Given the glacial pace of academia, I'm not sure 6 months is long enough. Maybe instead of having a hard timeline we can just make them public after the paper is published. What do you think of this? I'll start by asking symqemu folks if it's OK that I do this with their's
Many academic papers user fuzzbench to evaluate their contributions vs other fuzzers. Rarely (as in "I have never seen this done but it might have happened without me having noticed") however the testing setup and the Dockerfile of the new fuzzer is made available. This makes assessing and reassessing papers impossible. E.g. getting symqemu running is so far failed by Jonathan and me individually.
I'm not sure failed is the right word for this. I just had other things to do and forgot. But I'll try to finish #1062 soon.
yeah same for me. I was exaggerating a bit :)
In other experiments - did e.g. afl++ in the experiment have cmplog enabled and which version was it tested against? Impossible to know. I therefore propose to archive private experiments and make these available 6 months later - unless the requestor actively announces this should not be done.
Given the glacial pace of academia, I'm not sure 6 months is long enough. Maybe instead of having a hard timeline we can just make them public after the paper is published. What do you think of this? I'll start by asking symqemu folks if it's OK that I do this with their's
I thought more of an automated process that does not need hands-on unless the requestor says no (or sets a yaml "dont_disclose: true"). following up each experiment with which paper that is in is hard I think.
Thanks for bringing this up @vanhauser-thc! I agree, private experiments should be made public once the paper is accepted/published with the authors' approval.
I thought more of an automated process that does not need hands-on unless the requestor says no (or sets a yaml "dont_disclose: true"). following up each experiment with which paper that is in is hard I think.
This would be hard to automate as it should happen once the authors confirm that the paper is accepted for publication, and not after a fixed period of time. Authors would most likely prefer a system where they can say when to publish, as opposed to "data gets auto-published after some time unless authors remember to prevent it".
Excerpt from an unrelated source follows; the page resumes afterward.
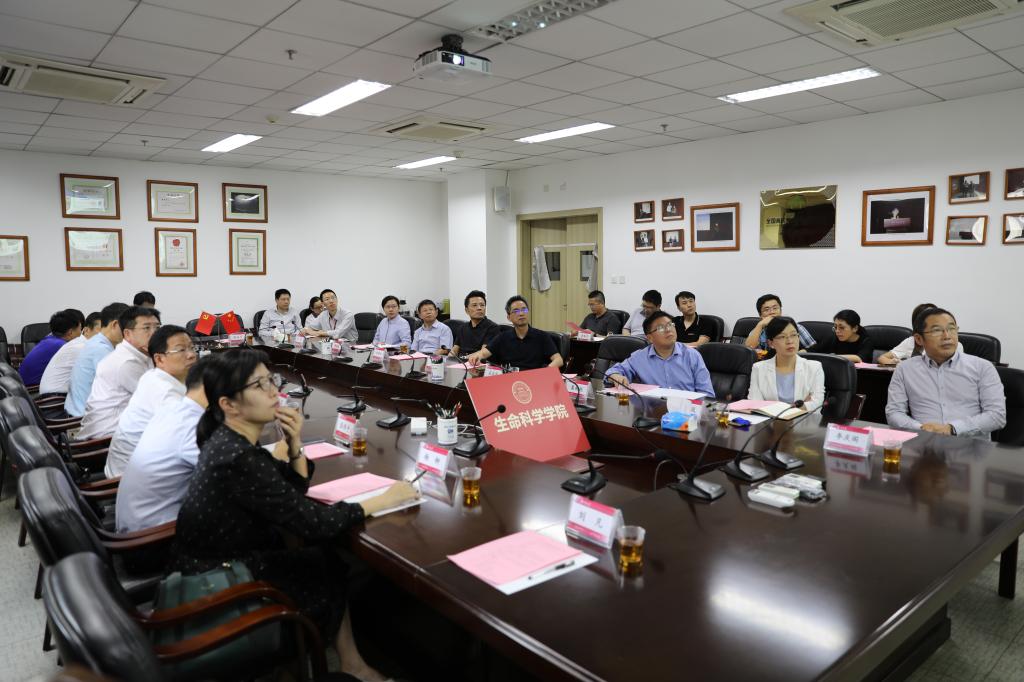 学校各职能部门负责人,副校长、生命科学学院院长周大旺,学院党委书记左正宏、党委副书记葛郝锐、葛学凤,副院长李勤喜、李博安,学院各系主任、省部级平台负责人参加了调研会议。

I agree. It would be good if private experiments, specifically those that are presented in the paper are ultimately published after the paper is accepted.
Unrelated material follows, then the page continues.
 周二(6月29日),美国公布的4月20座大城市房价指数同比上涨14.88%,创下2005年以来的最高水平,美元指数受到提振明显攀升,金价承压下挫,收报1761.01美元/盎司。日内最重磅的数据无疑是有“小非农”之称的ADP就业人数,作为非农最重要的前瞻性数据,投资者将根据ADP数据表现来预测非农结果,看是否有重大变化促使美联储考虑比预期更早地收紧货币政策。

- Not all experiments need publishing. Some experiments never appear in a paper. Some experiments are just part of the prototyping or debugging. For a peer-reviewed and published paper, the experiments with key results should be sufficient. The authors should be able to choose that experiment.
- Such a policy and its benefits should be well documented. Authors should know that they are going to consent to publishing one of the experiments if it results in a peer-reviewed publication. They should also know how this will benefit the community and reproducibility.
- At the end of the day, the authors should be able to approve and choose that experiment which is going to be published.
- Authors are welcome to link the paper, DOI, and other artifacts in the final report.
I'll start by asking symqemu folks if it's OK that I do this with their's
Absolutely yes (cc @aurelf)! I've been meaning to clean up the integration scripts and create a pull request anyway, but so far I haven't found the time. @jonathanmetzman do you have an easy way to publish the final configuration that you ran the experiments with? Otherwise I can piece it together from our email exchange at the time.